→ **Task statement**
Below this line is a listing that includes pictures. Copy exactly, and only, the lines from the one containing "スタート地点です お客さまに「いってらっしゃーい楽しんで！」とお声かけ ディズニーランドのキャストさんみたい(笑)" through the one containing "為提升高中同學對大學聯招及畢"; the pictures do not go in the copy.

→ **Data for the task**
======
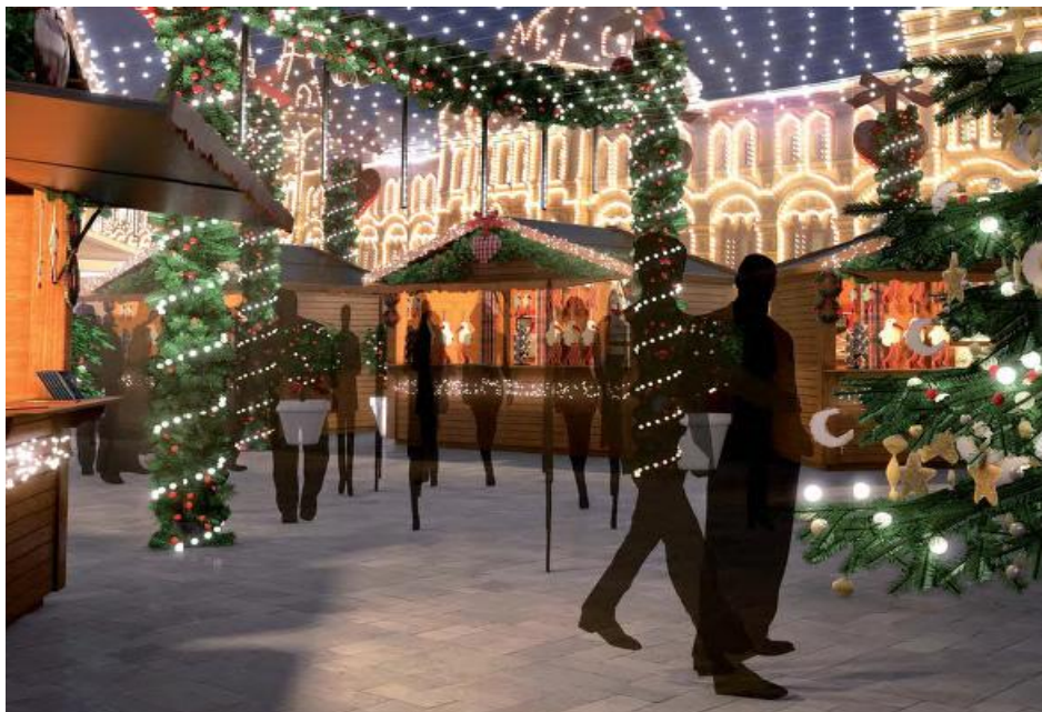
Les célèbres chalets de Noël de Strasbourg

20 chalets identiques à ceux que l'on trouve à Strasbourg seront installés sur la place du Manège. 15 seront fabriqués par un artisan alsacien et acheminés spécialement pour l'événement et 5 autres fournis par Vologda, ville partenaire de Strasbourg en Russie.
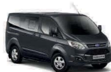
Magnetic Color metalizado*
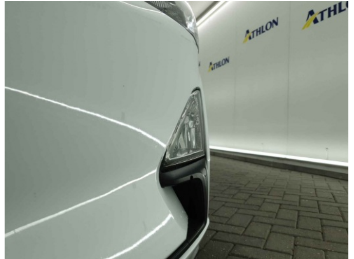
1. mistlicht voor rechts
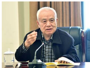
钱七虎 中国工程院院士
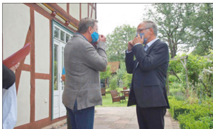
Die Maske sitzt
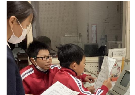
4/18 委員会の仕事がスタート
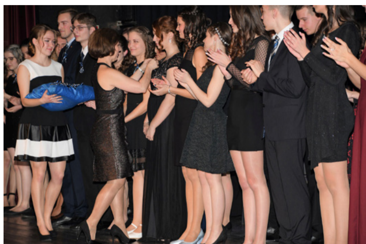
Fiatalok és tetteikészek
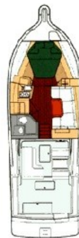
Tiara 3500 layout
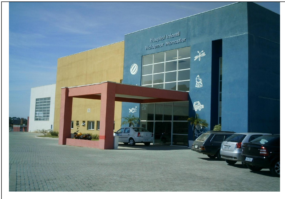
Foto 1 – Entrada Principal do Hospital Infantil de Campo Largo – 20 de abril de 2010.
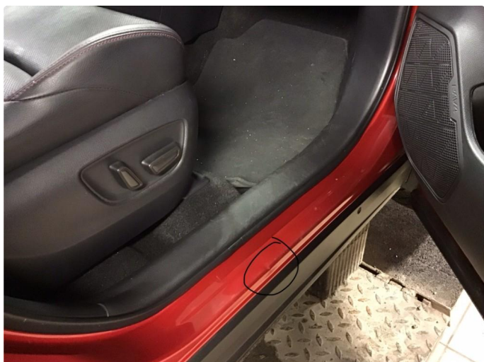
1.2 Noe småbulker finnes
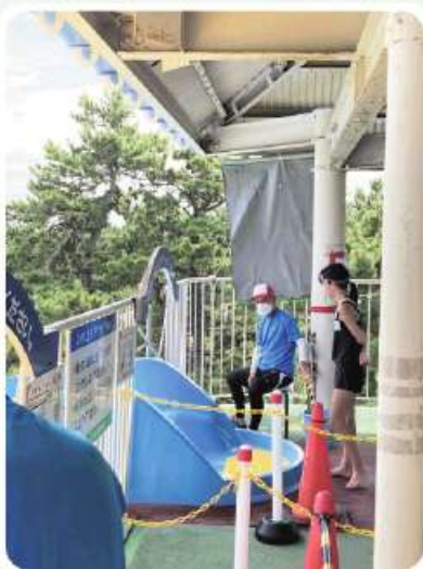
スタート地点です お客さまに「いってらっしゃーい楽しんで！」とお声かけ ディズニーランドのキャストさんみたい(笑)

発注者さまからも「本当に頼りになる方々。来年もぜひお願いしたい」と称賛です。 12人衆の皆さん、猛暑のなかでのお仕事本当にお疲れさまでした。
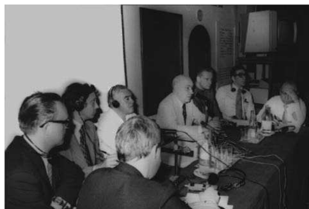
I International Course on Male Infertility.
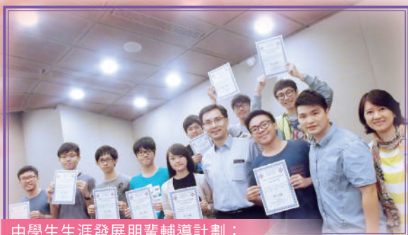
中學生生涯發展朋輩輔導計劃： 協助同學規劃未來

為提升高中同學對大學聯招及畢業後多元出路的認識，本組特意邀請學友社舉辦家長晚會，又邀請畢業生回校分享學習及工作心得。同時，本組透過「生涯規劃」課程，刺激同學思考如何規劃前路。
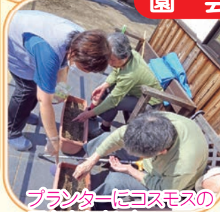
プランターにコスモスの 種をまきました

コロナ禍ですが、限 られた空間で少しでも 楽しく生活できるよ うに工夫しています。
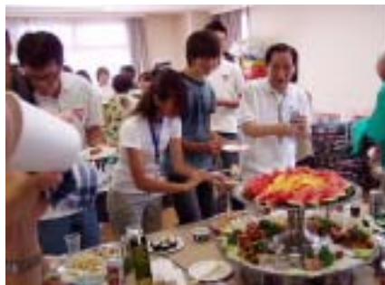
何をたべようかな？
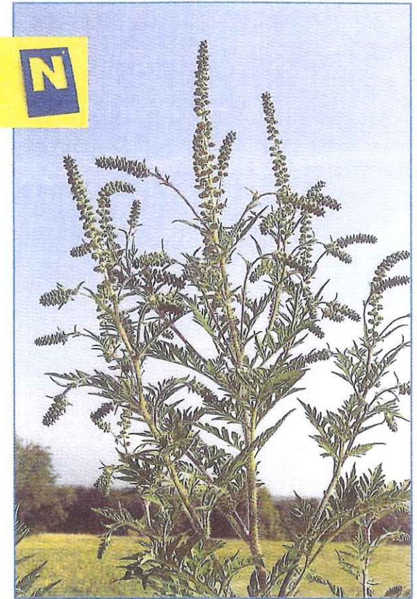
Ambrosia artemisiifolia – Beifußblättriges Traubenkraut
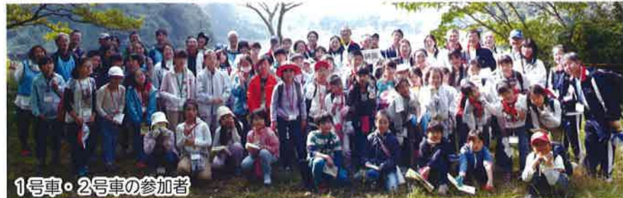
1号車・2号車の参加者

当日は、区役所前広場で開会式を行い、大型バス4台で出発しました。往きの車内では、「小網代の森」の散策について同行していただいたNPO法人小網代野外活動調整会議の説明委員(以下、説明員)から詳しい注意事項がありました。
======
→ **Finished task**
スタート地点です お客さまに「いってらっしゃーい楽しんで！」とお声かけ ディズニーランドのキャストさんみたい(笑)

発注者さまからも「本当に頼りになる方々。来年もぜひお願いしたい」と称賛です。 12人衆の皆さん、猛暑のなかでのお仕事本当にお疲れさまでした。
I International Course on Male Infertility.
中學生生涯發展朋輩輔導計劃： 協助同學規劃未來

為提升高中同學對大學聯招及畢業後多元出路的認識，本組特意邀請學友社舉辦家長晚會，又邀請畢業生回校分享學習及工作心得。同時，本組透過「生涯規劃」課程，刺激同學思考如何規劃前路。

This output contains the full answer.